- _SUPPLIED DATA_
○ ○ ○

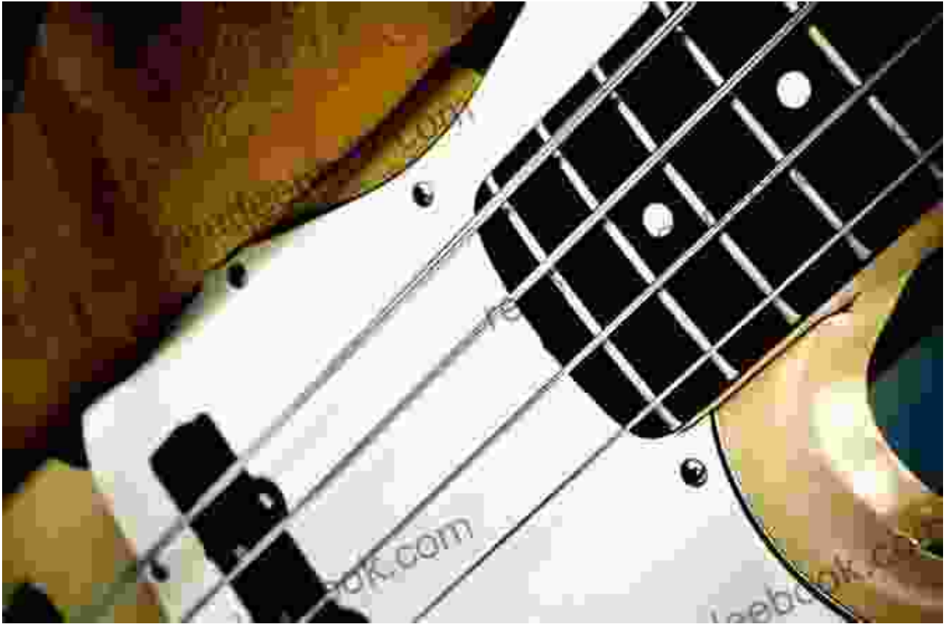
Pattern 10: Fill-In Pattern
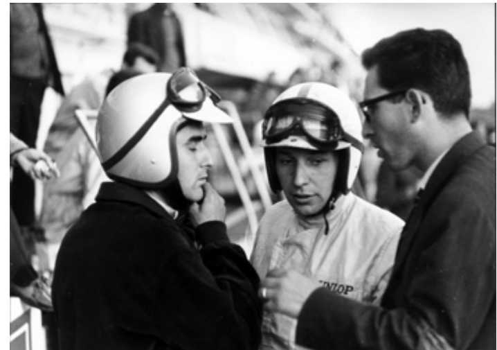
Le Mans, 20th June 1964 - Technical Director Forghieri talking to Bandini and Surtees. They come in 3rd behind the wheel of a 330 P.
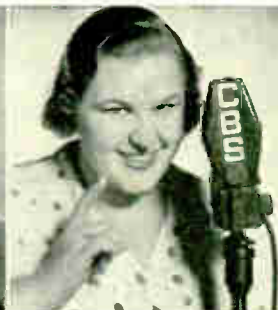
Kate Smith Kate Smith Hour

○ ○ ○

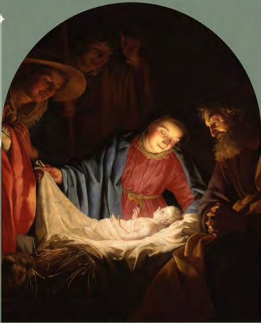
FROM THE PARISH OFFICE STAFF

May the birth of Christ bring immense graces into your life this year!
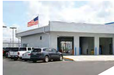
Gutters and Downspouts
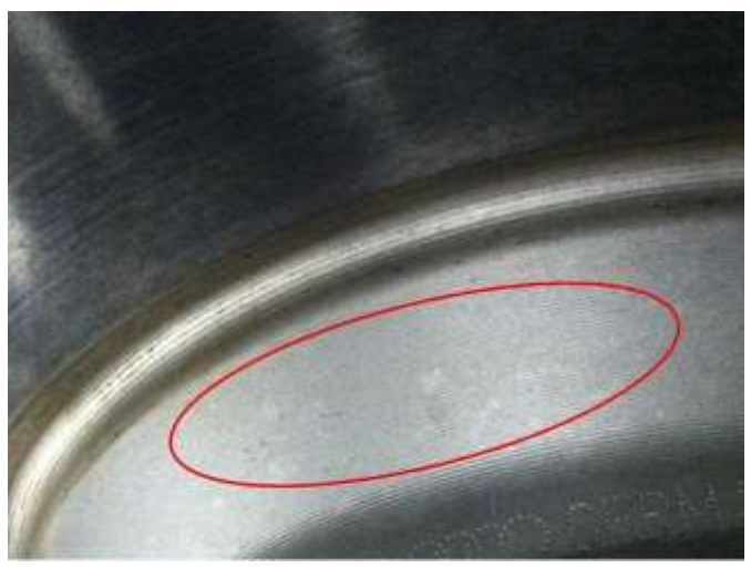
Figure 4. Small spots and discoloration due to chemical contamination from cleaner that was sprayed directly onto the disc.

○ ○ ○

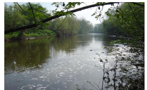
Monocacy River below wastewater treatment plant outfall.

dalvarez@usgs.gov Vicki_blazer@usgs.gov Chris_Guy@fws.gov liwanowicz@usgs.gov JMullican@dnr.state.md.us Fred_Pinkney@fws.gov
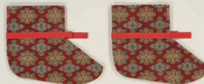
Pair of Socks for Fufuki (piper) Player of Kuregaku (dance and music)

○ ○ ○

- _ASSIGNMENT_
The lines to set down run from the line with "May the birth" up to and including the line with "Figure 4. Small" in the entries above. Reproduce them exactly, with no pictures.

- _EXERCISE RESPONSE_
May the birth of Christ bring immense graces into your life this year!
Gutters and Downspouts
Figure 4. Small spots and discoloration due to chemical contamination from cleaner that was sprayed directly onto the disc.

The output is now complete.